Information supplied Block Start

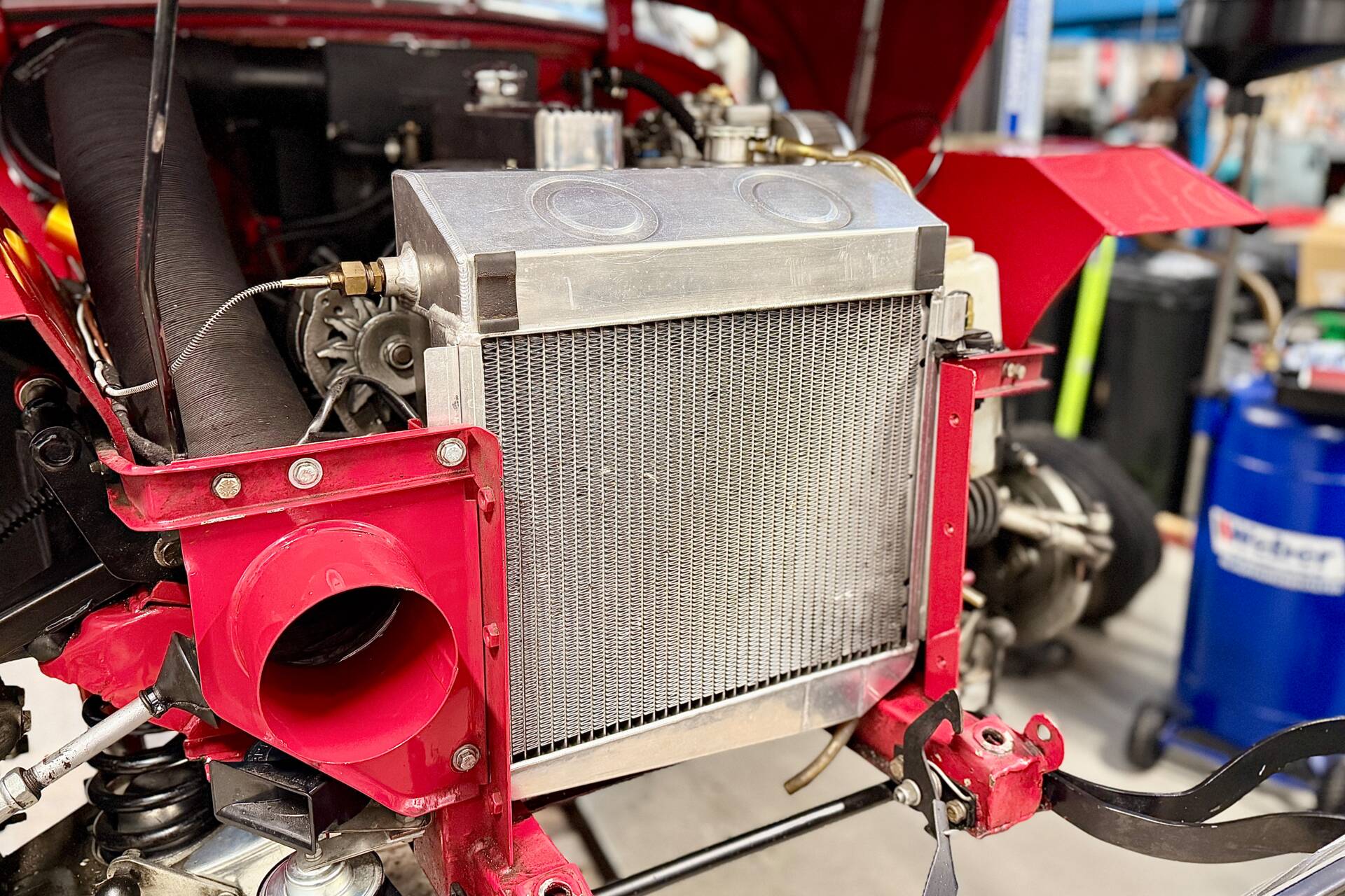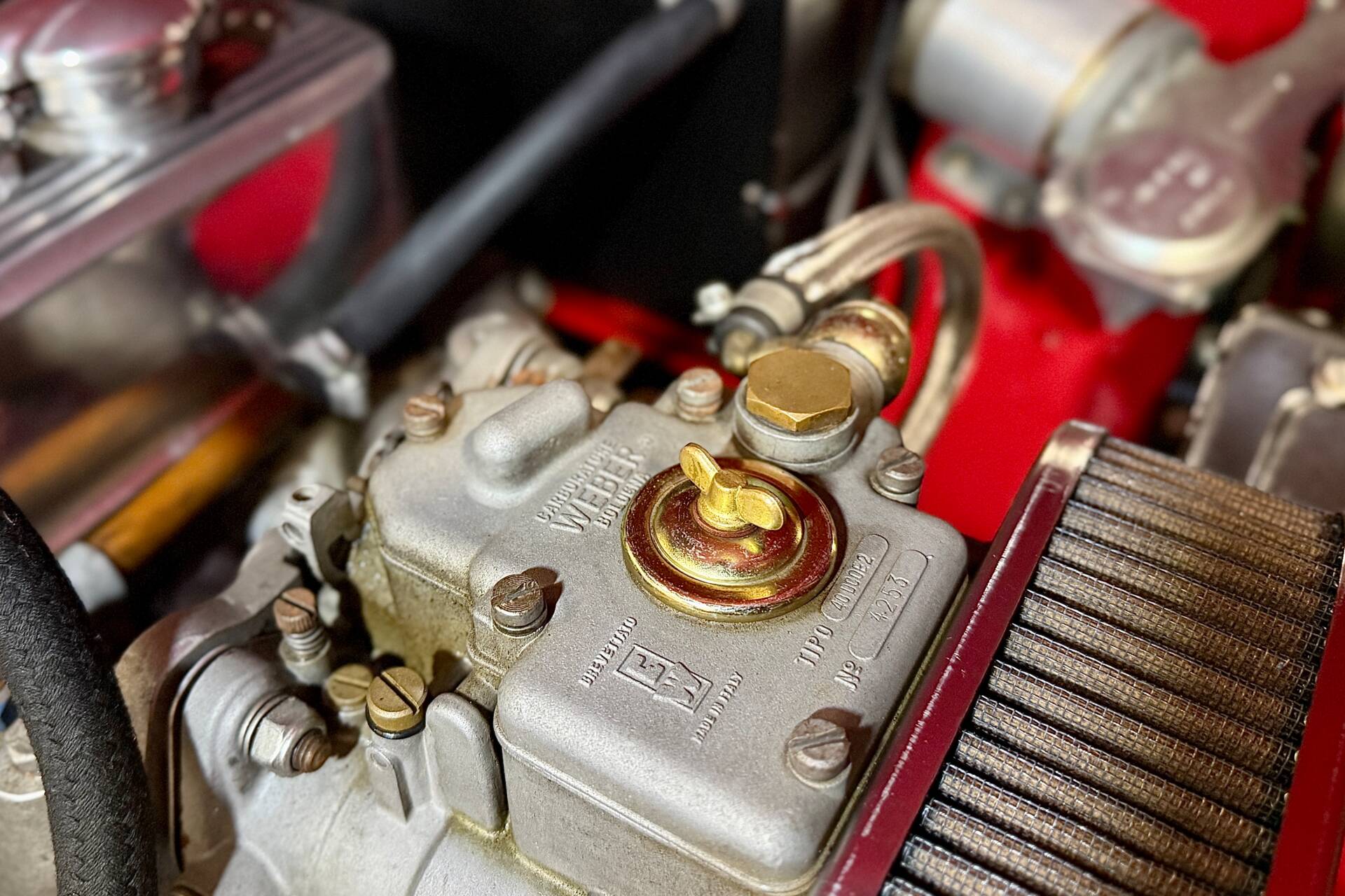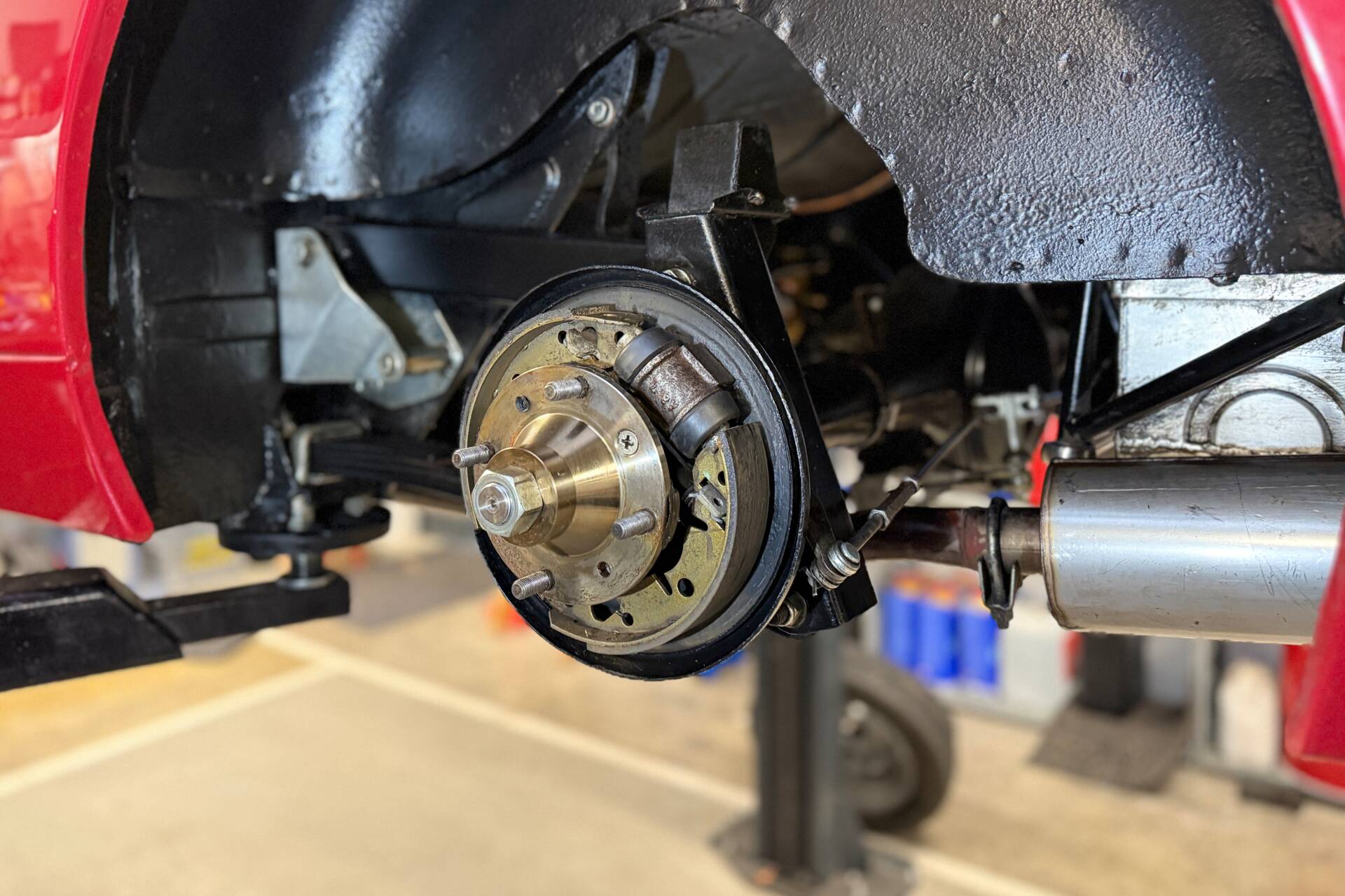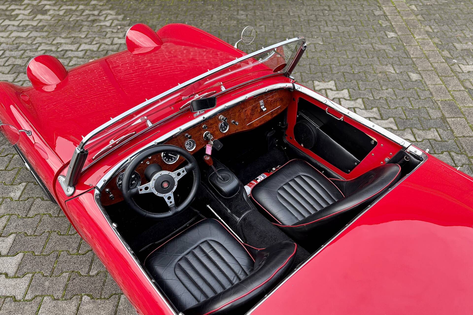 Dieser Austin Healey Sprite ist seit gut 13 Jahren bei einem Eigentümer. Der Wagen ist mit dem agilen 1256cc Motor ausgestattet worden. Der Motor ist leistungsgesteigert und verfügt über eine Sportnockenwelle sowie über einen Weber Doppelvergaser. Der Motor ist mit 65 PS im Fahrzeugschein eingetragen, die tatsächliche Leistung ist nicht bekannt. Der 680 Kilo leichte Frosch marschiert mächtig nach vorne und treibt einem das Lachen ins Gesicht. Geschaltet wird über das beliebte 4-Gang Ribcase-Getriebe. Das Wetter-Equipment ist komplett bei dem Fahrzeug (Verdeck, Tonneau, Seitenscheiben). Zusätzlich zu den Stahlrädern mit Radkappen wird das Auto mit einem Satz Minilite-Felgen und Reifen mit den Maßen 165 70 r13 übergeben. In unserer Werkstatt hat der der Frosch soeben eine aufmerksame Inspektion erhalten. Die durchgeführte Probefahrt und die Durchsicht auf der Hebebühne haben uns begeistert: der Wagen sieht unten genausogut aus wie oben.
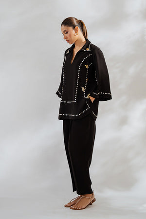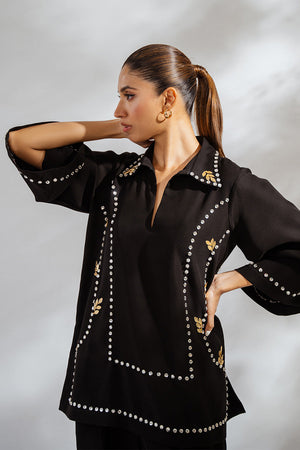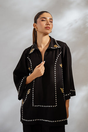 Glam meets comfort in Neris. An ebony Italian crepe set has iridescent diamond details embroidered along its exaggerated collar and structured hemline. The tapered shalwar polishes the alluring look.
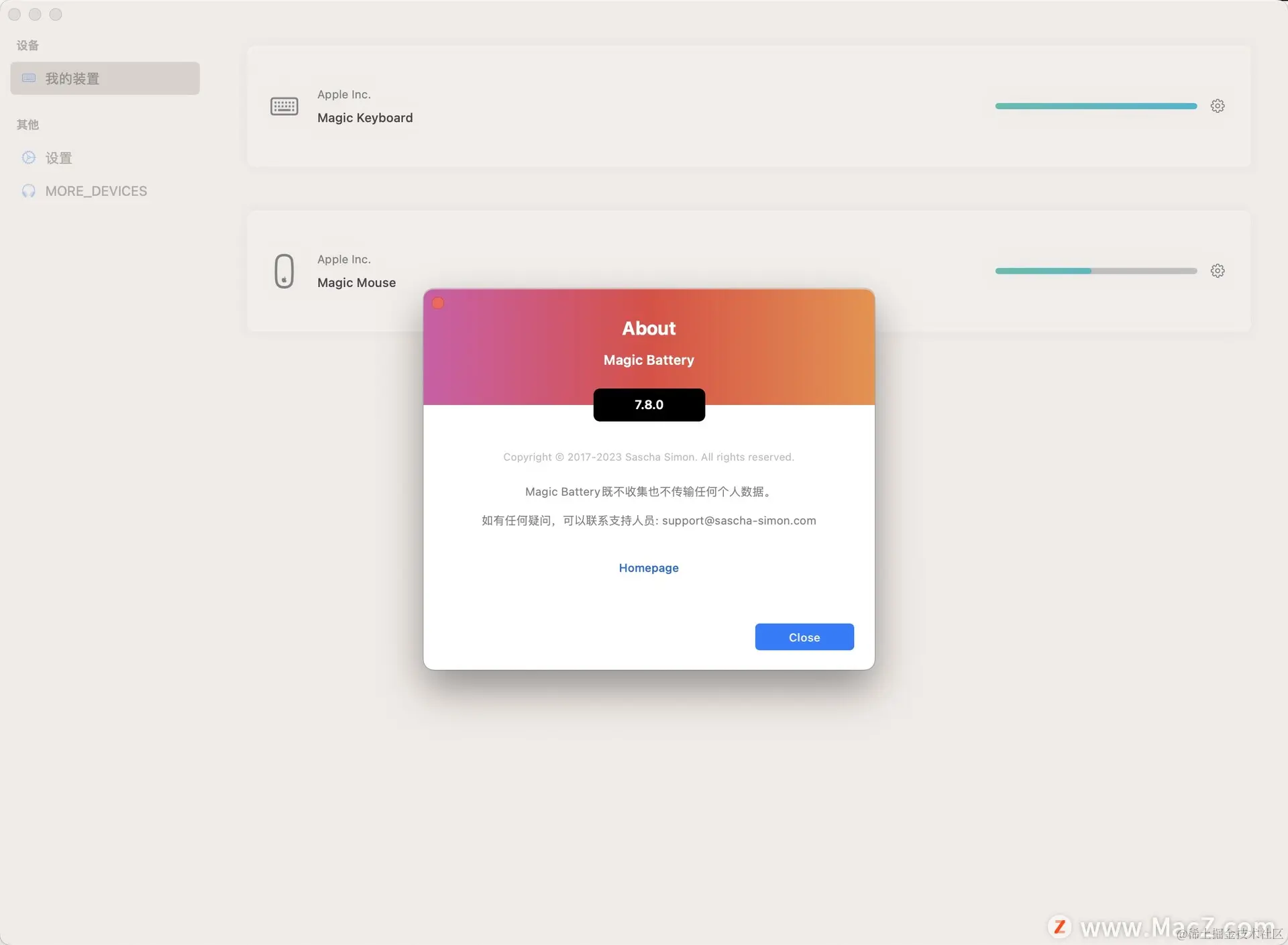 Magic Battery for Mac(电量显示工具) 用户4379107122725 2023-01-12 85 阅读1分钟 Magic Battery Mac版是Mac上的一款电量显示工具。Magic Battery Mac版可以帮助用户显示当前通过蓝牙连接到Mac电脑上的设备的当前电量状况。会在菜单栏中显示通过蓝牙连接的受支持的输入设备和耳机的电池电量。 Magic Battery for Mac(电量显示工具)

Information supplied Block End

Activity:
Give the material again exactly as it is, but keep the pictures out.

Task answer:
 Dieser Austin Healey Sprite ist seit gut 13 Jahren bei einem Eigentümer. Der Wagen ist mit dem agilen 1256cc Motor ausgestattet worden. Der Motor ist leistungsgesteigert und verfügt über eine Sportnockenwelle sowie über einen Weber Doppelvergaser. Der Motor ist mit 65 PS im Fahrzeugschein eingetragen, die tatsächliche Leistung ist nicht bekannt. Der 680 Kilo leichte Frosch marschiert mächtig nach vorne und treibt einem das Lachen ins Gesicht. Geschaltet wird über das beliebte 4-Gang Ribcase-Getriebe. Das Wetter-Equipment ist komplett bei dem Fahrzeug (Verdeck, Tonneau, Seitenscheiben). Zusätzlich zu den Stahlrädern mit Radkappen wird das Auto mit einem Satz Minilite-Felgen und Reifen mit den Maßen 165 70 r13 übergeben. In unserer Werkstatt hat der der Frosch soeben eine aufmerksame Inspektion erhalten. Die durchgeführte Probefahrt und die Durchsicht auf der Hebebühne haben uns begeistert: der Wagen sieht unten genausogut aus wie oben.
 Glam meets comfort in Neris. An ebony Italian crepe set has iridescent diamond details embroidered along its exaggerated collar and structured hemline. The tapered shalwar polishes the alluring look.
 Magic Battery for Mac(电量显示工具) 用户4379107122725 2023-01-12 85 阅读1分钟 Magic Battery Mac版是Mac上的一款电量显示工具。Magic Battery Mac版可以帮助用户显示当前通过蓝牙连接到Mac电脑上的设备的当前电量状况。会在菜单栏中显示通过蓝牙连接的受支持的输入设备和耳机的电池电量。 Magic Battery for Mac(电量显示工具)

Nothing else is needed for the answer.